The problem =
Repeat exactly, and only, the lines from the line bearing "展示了一个大小为 $k = 5$ 的面板。" through the end of the material. Do not copy the pictures.

....

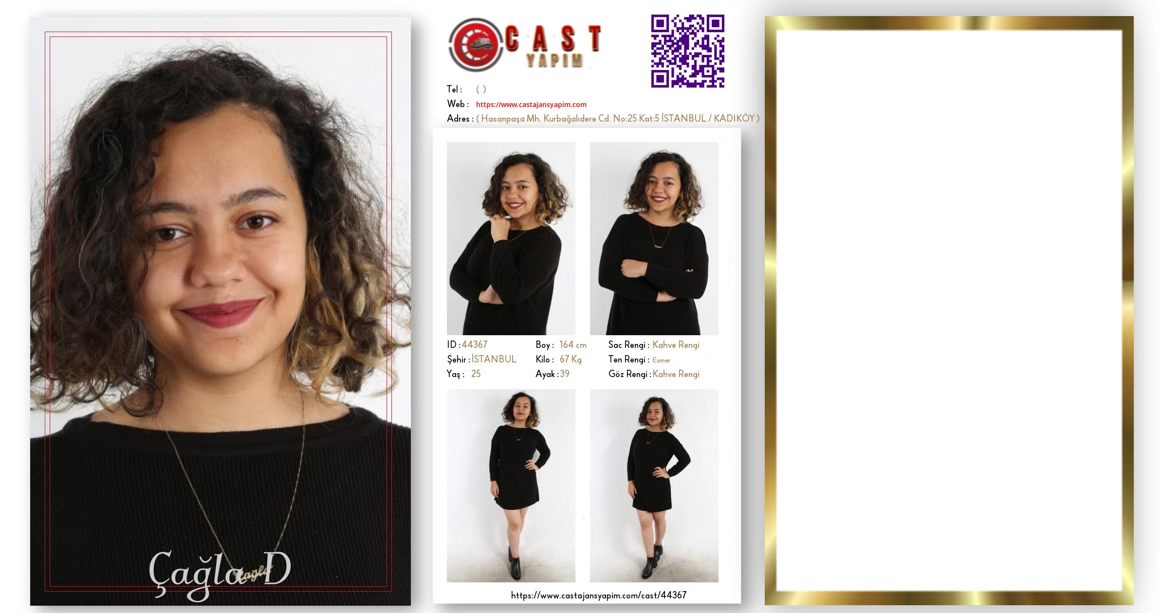 Merhaba, ben Çağla D. İSTANBUL şehrinde yaşıyorum ve 25 yaşındayım. Genel özelliklerim arasında boyum 164 cm, kilom 67 kg, saç rengim Kahve Rengi, göz rengim Kahve Rengi, ten rengim Esmer.
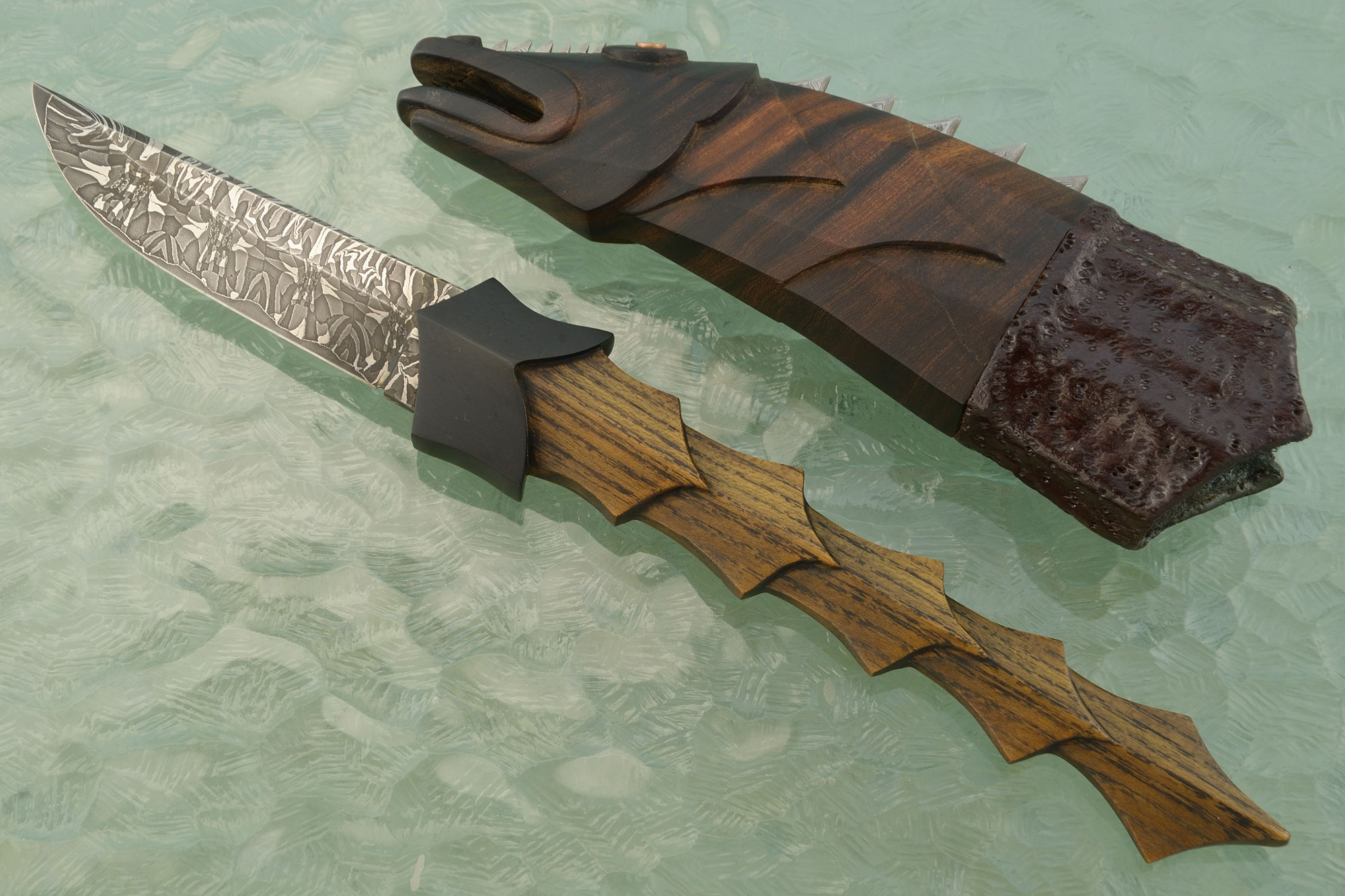 The sheath is sculpted Arizona desert ironwood to represent a serpent. The figure of the wood chosen is exceptional, complementing the motif well. Spikes along the top of the head are made from Matt Whitmus damascus. Eyes are formed from copper, brass, and steel. The back of the sheath is wrapped in ostrich skin, creating the appearance of serpent's leather.
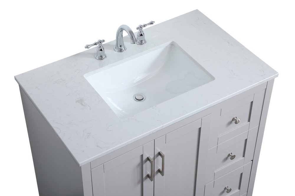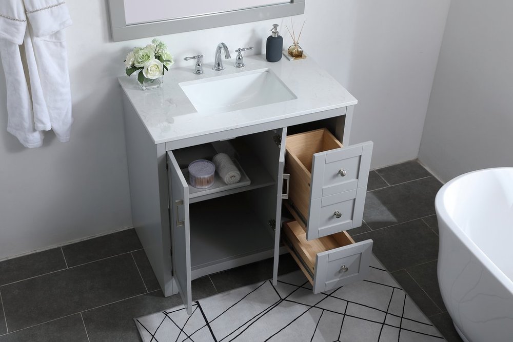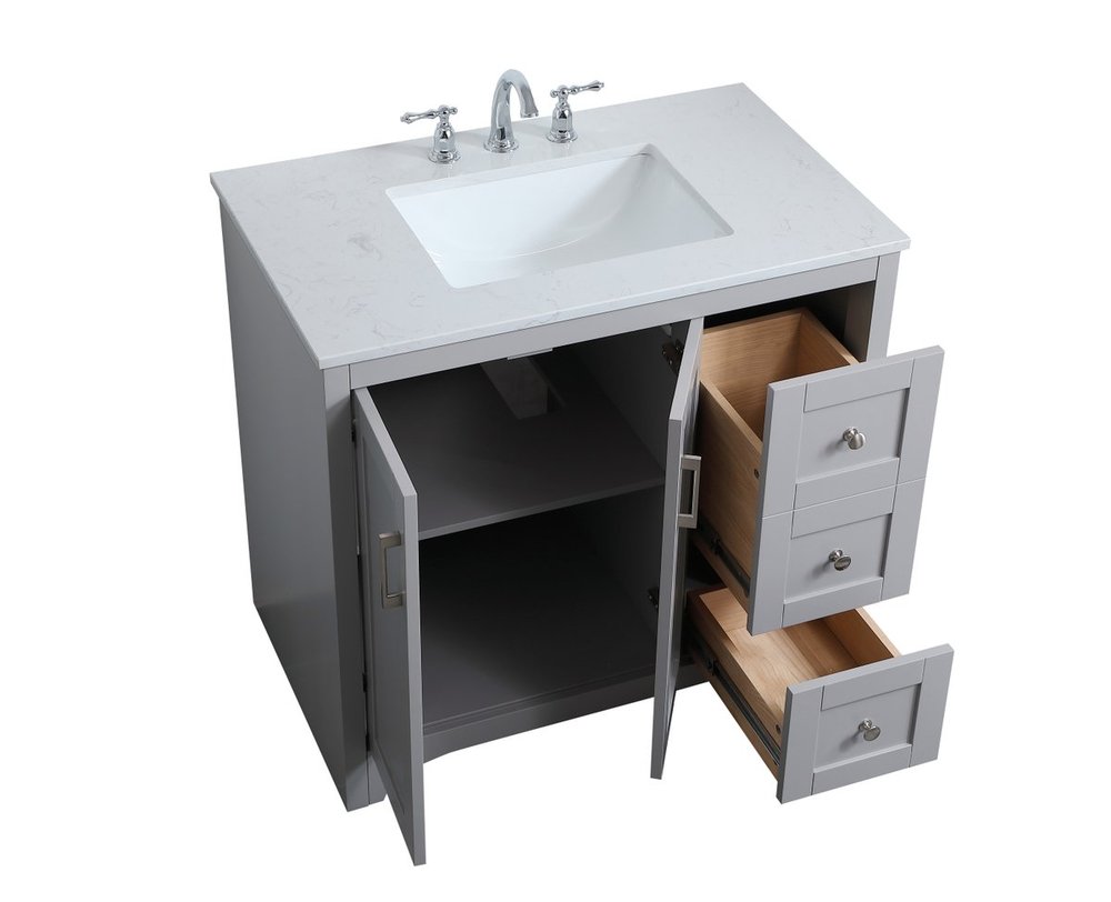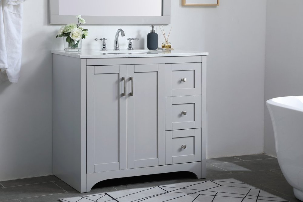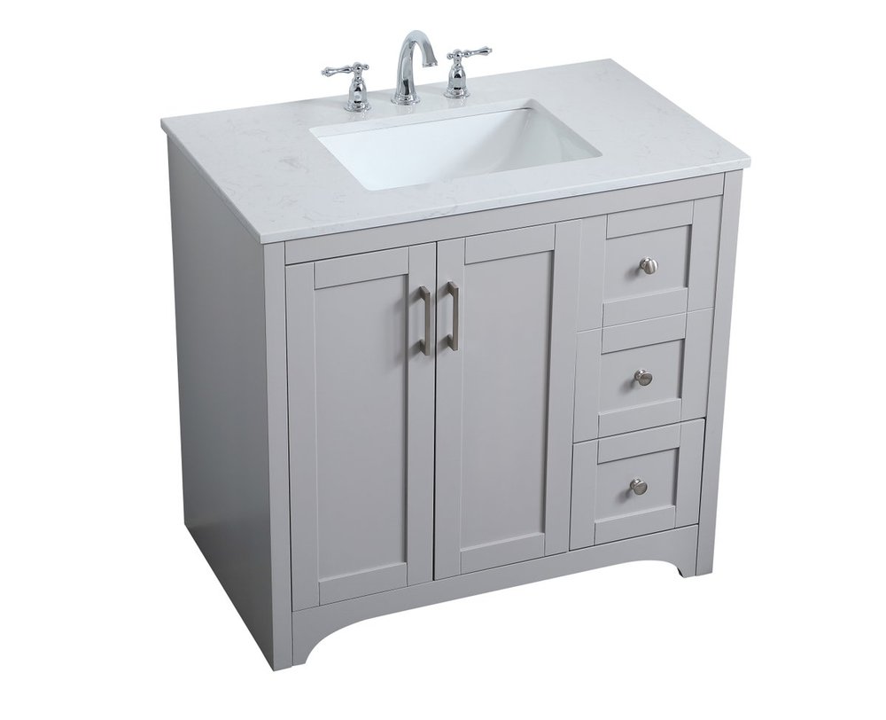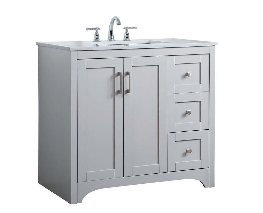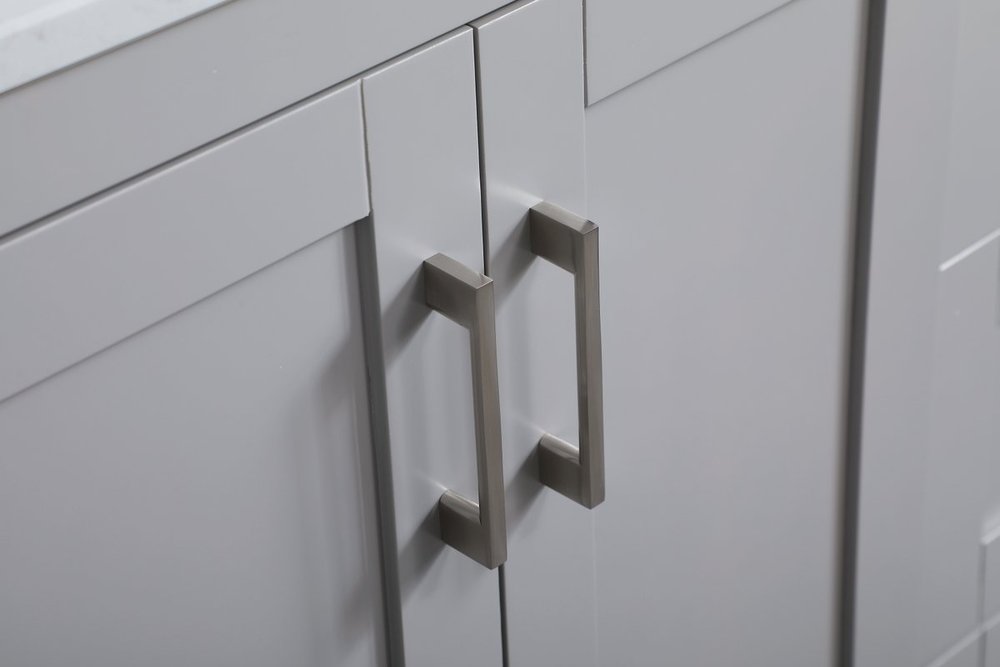 The refined simplicity of this 36" grey finish vanity creates a peaceful, yet stylish, atmosphere. Its traditional modernity adds a mature beauty that will elevate any bathroom or powder room--the Calacatta engineered marble counter top adds refined luxe while the brushed nickel handle bars open the double cabinet doors and 2 side drawers, revealing ample storage space to store and hide away an assortment of bathroom essentials. Whether your home is large or small, this vanity will surely fit in well.
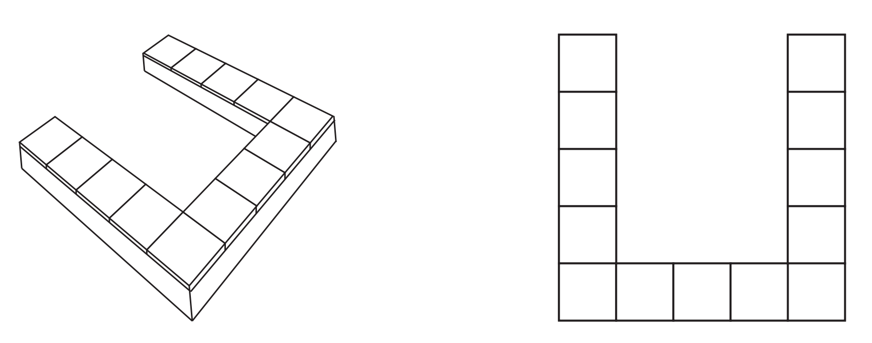 你总觉得池塘太大了,想要用谷仓里的面板覆盖其中的一些区域。这些面板的大小和形状完全相同,由排列成 U 型的一平方米木板组成。面板的整体尺寸为 $k$ 米乘 $k$ 米,在正方形的三条边上共有 $3k - 2$ 块木板。其余的 $(k - 2) \times (k - 1)$ 矩形区域是空的。图 H.1 展示了一个大小为 $k = 5$ 的面板。
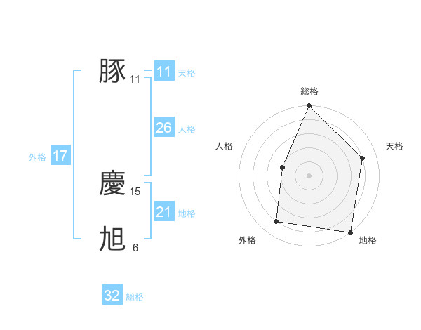 豚 慶旭さんを姓名の画数から五運を鑑定
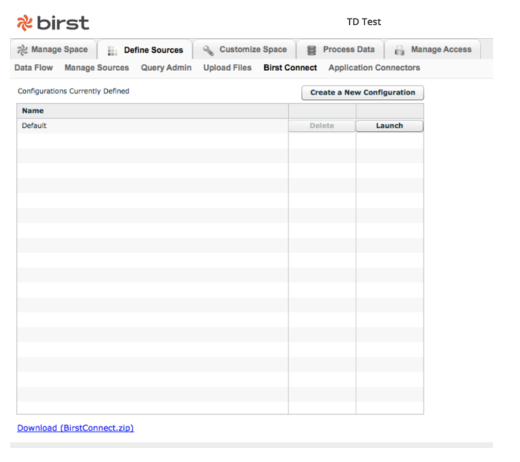 Download your .jnlp file by selecting Launch for one of your configurations. Also, download your BirstConnect.zip file.
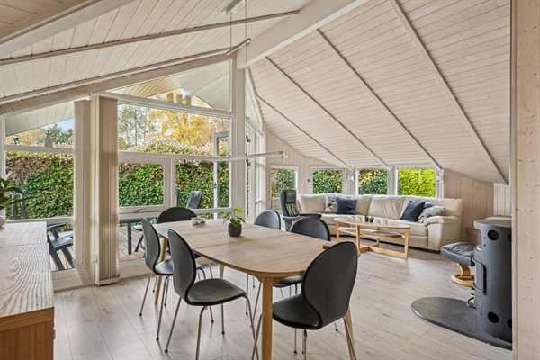 Ein Ferienhaus in Dronningmølle mit Platz zum gemütlichen Beisammensein und zur Entspannung – drinne...
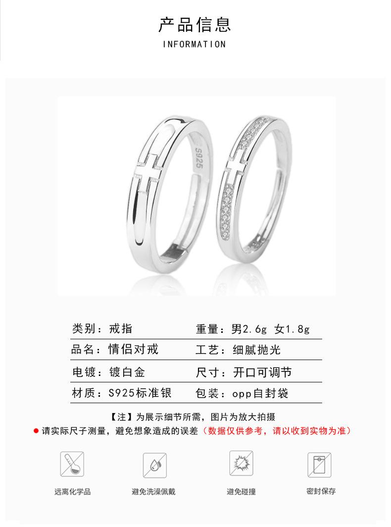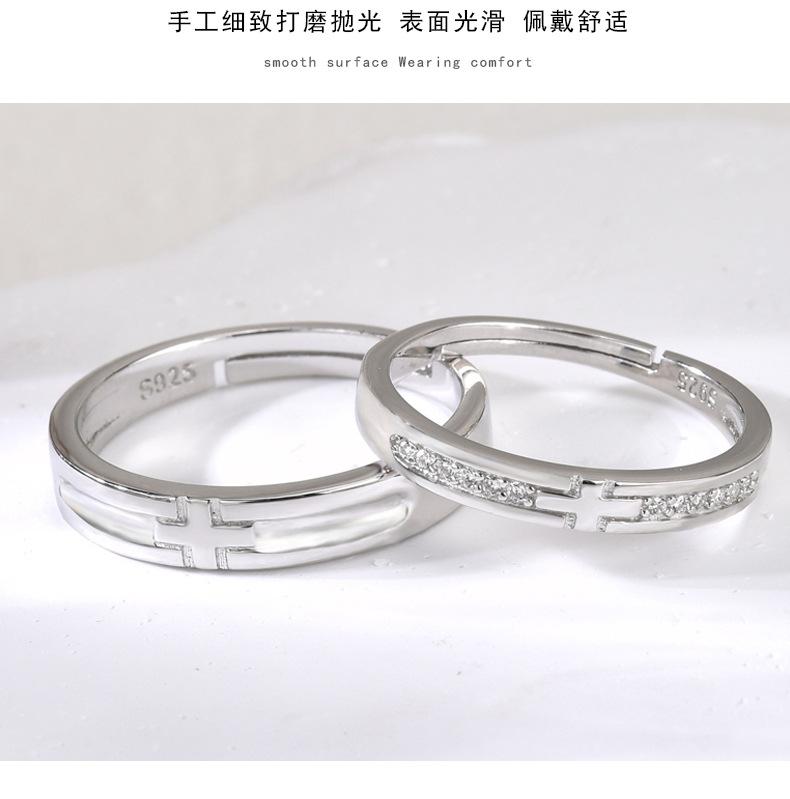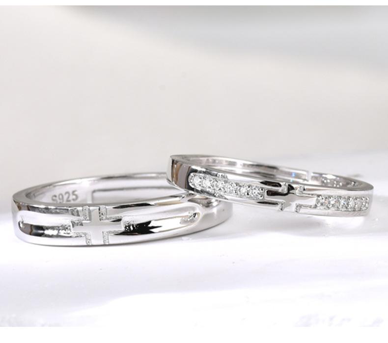 Anillo de Pareja de Cruz de Plata Esterlina S925 para Hombre y Mujer Anillo de Pareja de Alta Gama Joyería Abierta para Mano Joyería Transfronteriza para el Día de San Valentín
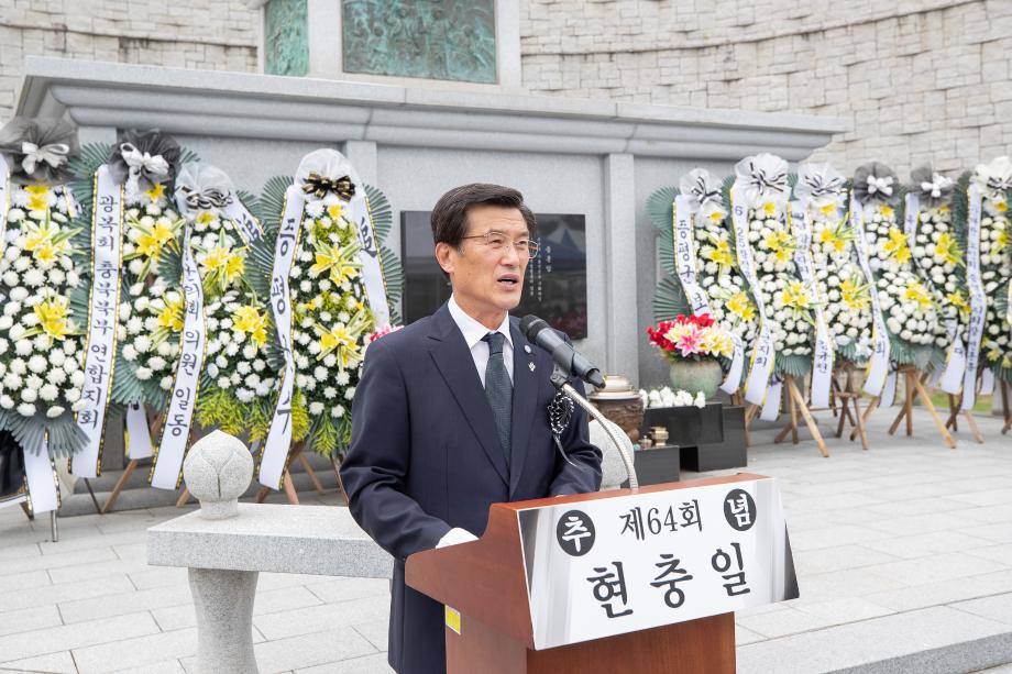 증평군은 제64회 현충일을 맞아 6일 증평읍 내성리 보건복지타운 내 충혼탑에서 홍성열 증평군수를 비롯한 보훈단체장과 보훈가족, 기관․단체장과 군민 등 300여명이 참석한 가운데 제 64회 현충일 추념식을 열었다.

....

Final answer =
 你总觉得池塘太大了,想要用谷仓里的面板覆盖其中的一些区域。这些面板的大小和形状完全相同,由排列成 U 型的一平方米木板组成。面板的整体尺寸为 $k$ 米乘 $k$ 米,在正方形的三条边上共有 $3k - 2$ 块木板。其余的 $(k - 2) \times (k - 1)$ 矩形区域是空的。图 H.1 展示了一个大小为 $k = 5$ 的面板。
 豚 慶旭さんを姓名の画数から五運を鑑定
 Download your .jnlp file by selecting Launch for one of your configurations. Also, download your BirstConnect.zip file.
 Ein Ferienhaus in Dronningmølle mit Platz zum gemütlichen Beisammensein und zur Entspannung – drinne...
 Anillo de Pareja de Cruz de Plata Esterlina S925 para Hombre y Mujer Anillo de Pareja de Alta Gama Joyería Abierta para Mano Joyería Transfronteriza para el Día de San Valentín
 증평군은 제64회 현충일을 맞아 6일 증평읍 내성리 보건복지타운 내 충혼탑에서 홍성열 증평군수를 비롯한 보훈단체장과 보훈가족, 기관․단체장과 군민 등 300여명이 참석한 가운데 제 64회 현충일 추념식을 열었다.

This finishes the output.